Abigail Haddad [00:05:14]: So what I was doing with my California traffic code chatbot was I had a series of questions and I automatically ran them through multiple models. And then I looked at the questions myself on the responses. It's not the worst, but it's not the best either. So let's talk about how to automate testing broadly. We test to make sure that our tools are doing what we want them to do. So what do you want your tool to do? What are some questions you want it to be able to answer? What does a good question look like? What does a bad answer look? Sorry, what does a good answer look like? What does a bad answer look like? And we want to test that it's doing that so easy, right? So just test that it's doing what you want it to be doing. We do that all the time with machine learning problems generally and with NLP specifically, but actually, okay, in this case, not that easy. It's actually kind of hard.

Abigail Haddad [00:05:58]: So why is it hard? It's hard because text is high dimensional data. It's complicated, it has a lot of features. And with generative AI, like with a chatbot, we're not talking about a classification model where the result is like a pass or a fail, like we're categorizing something as spam or not spam. Now, with digression, you can also use large language models to build classification models or do entity extraction, and they're really, really good at that. And that's my favorite use case for llms, in part because you can evaluate them really easily, the same way we've always evaluated these kinds of tools, by comparing the model output with our ground truth label data. If you have the opportunity to do that instead, do that like, oh my gosh, evaluate it. You have a confusion matrix, call it a day, but every wants a chat bot. Okay, so we're talking about that.

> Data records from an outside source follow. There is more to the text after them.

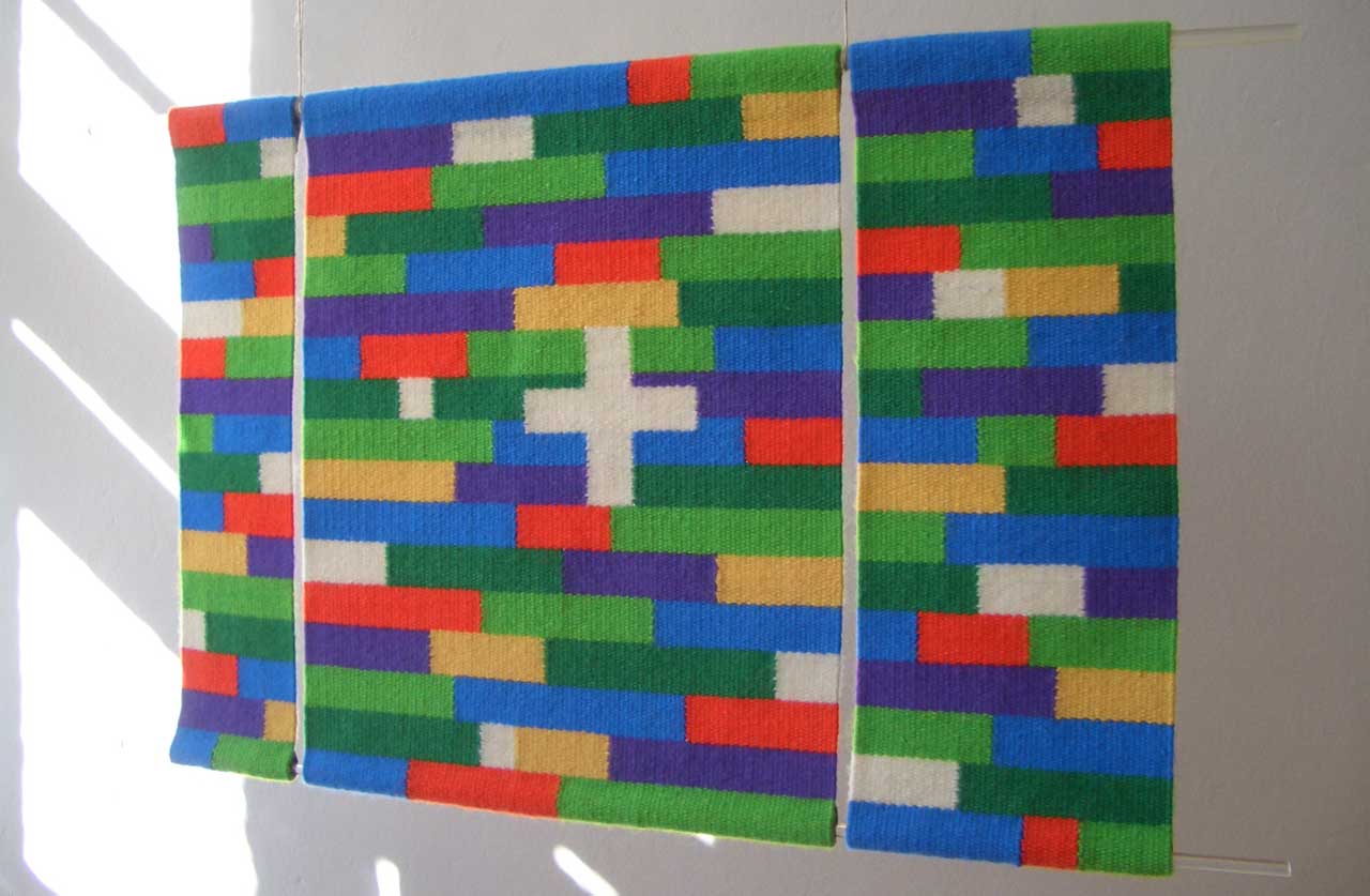 nach etwa 70 Jahren ihrer Anschaffung noch immer in Gebrauch waren, sprach für Ihre Qualität. Aber auch wenn die Stickerei noch in Takt war, hatten Garn und Gewebe inzwischen fast vollständig ihre Farben verloren. Es war Zeit für eine neue Garnitur eines Altar- und Kanzelbehangs. Gewünscht war das über Jahrzehnte hindurch vertraute biblische Bild des Weinstocks aus dem Johannesevangelium. Es gelang, der Gestaltung eine etwas zeitgemäßere Bildsprache zu geben. Als im Gottesdienst die alten und neuen Paramente nebeneinander präsentiert wurden, sorgte der Vorher-Nachher-Effekt bei allen Anwesenden für eine angenehme Überraschung.
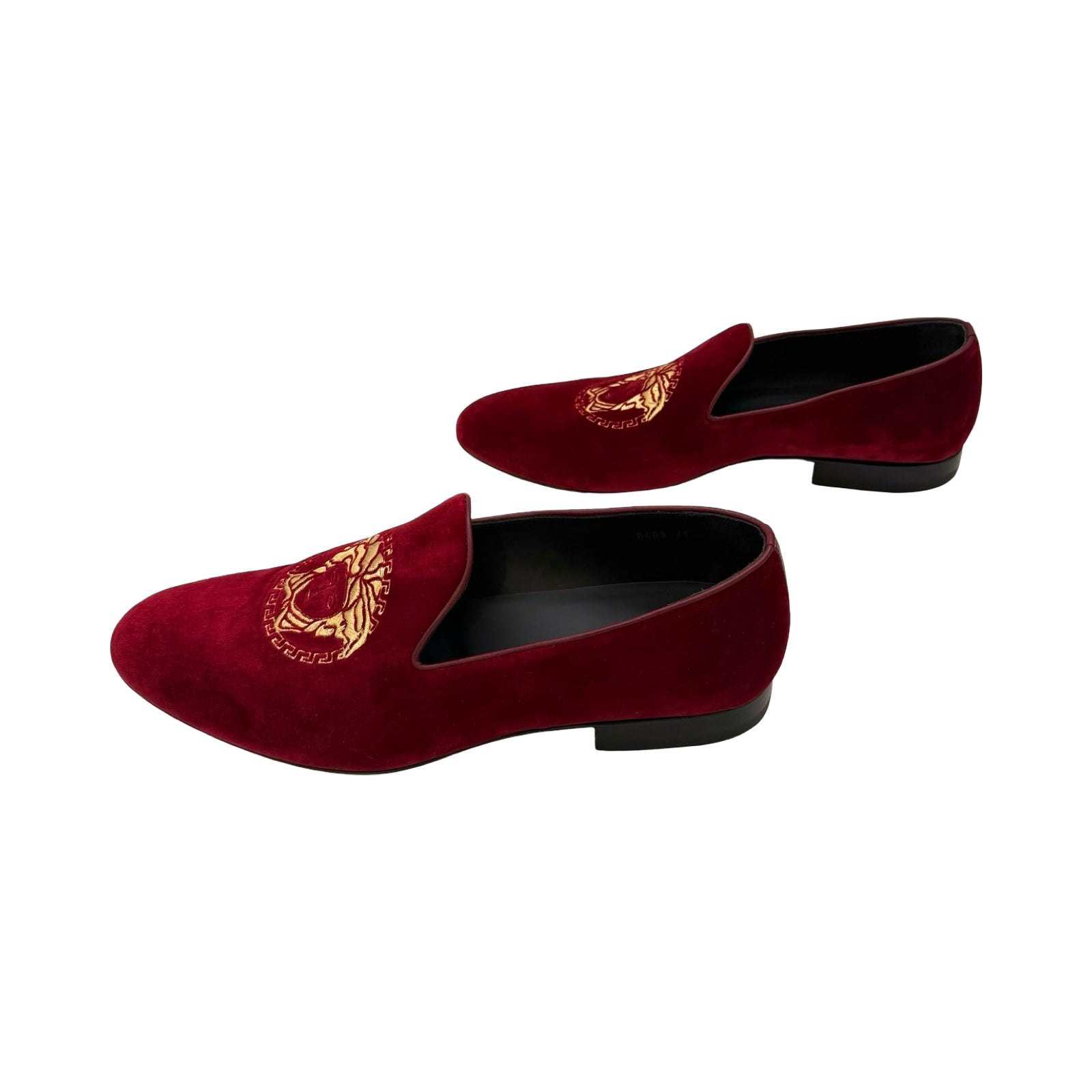 Versace - Men's Medusa Red & Gold Velvet Slip-on Loafers
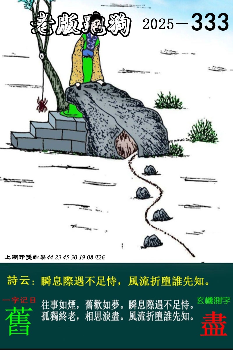 333期老版跑狗一字記之曰:【售】 詩雲:瞬息際遇不足恃,風流折誰先知! 往事如煙,舊歡如夢。瞬息際遇不足恃! 孤獨終老,相思涙盡。風流折墮誰先知! 玄機測字:《盡》 解:孤獨終老,独字生肖:鼠牛虎兔马羊。。 ============================ |
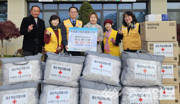 충북 음성군 대소면 대소적십자봉사회(회장 반화용)에서는 지역 내 어려운 이웃을 위해 전달해 달라며 대소면행정복지센터에 이불과 화장지 등 생필품(120만원 상당)을 기탁했다고 20일 밝혔다. /음성=김록현기자
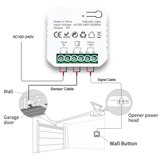 Smart Life Tuya Zigbee Gate Garage Door Opener Mini Switch Inching Relay w/ Contact Sensor 100V-240V
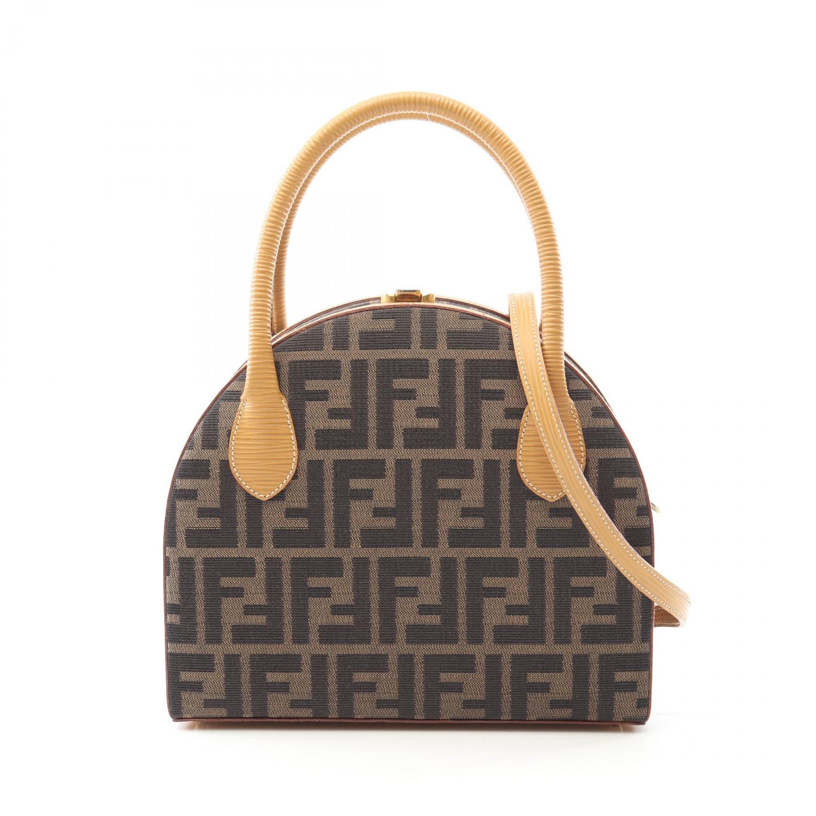 フェンディ FENDI ズッカ ハンドバッグ バッグ キャンバス レザー ブラウン系 【中古】
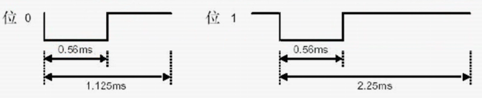 由上图可区分,位0和位1;位0和位1的低电平时间相同,高电平时间不同,位0高电平持续时间为0.56ms,位1高电平时间为1.69ms,但也不是绝对的,如位0高电平持续时间在0.56ms上下浮动,故而取0.56~1.69ms中间值,1ms.
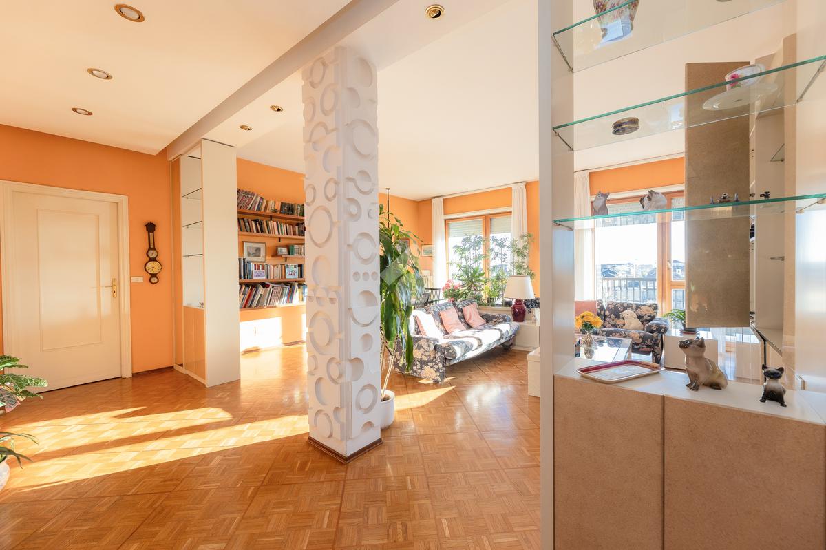Lo stabile edificato nei primi anni '70 si presenta in ottime condizioni ed è provvisto di ascensore. L' abitazione si trova al nono piano di dieci, garantendo una splendida vista panoramica.
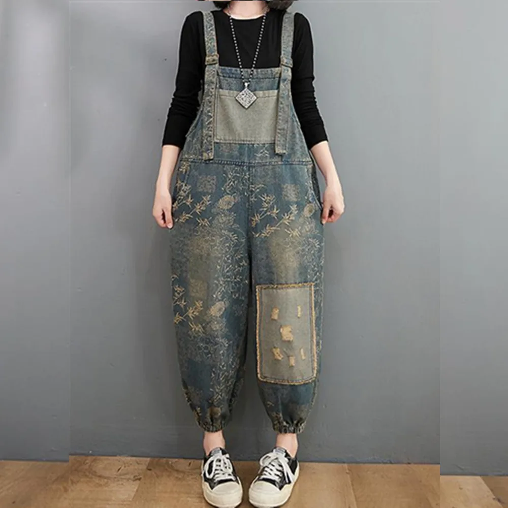 Название: 2021 потертый джинсовый комбинезон с широкими штанинами в стиле ретро; Джинсовый комбинезон с пряжками и карманами

Abigail Haddad [00:06:42]: In the case of chat bots, we're asking a question and we're getting maybe a whole sentence back, or a whole paragraph, or even more. So how do we assess that? So we have a few options, which I'll go through, but first, I want to note that the purpose of this kind of testing is not to comprehensively test everything someone might ask your tool about. If you're going to generate every possible question someone could ask your tool, and then criteria for evaluating all the answers that were specific to that question, you wouldn't need a generative tool, you would need a frequently asked questions page and then some search functionality. So the purpose of this is you pick some of the types of questions you want your tool to be able to answer and then you're going to test those. So first option string matching. Okay, we've got some choices here. We can look for an exact match. So if you want your answer to be one exact sentence, or you want it to contain a particular substring, like if we ask it for capital, France is Paris somewhere in the response, right, the string matching substring.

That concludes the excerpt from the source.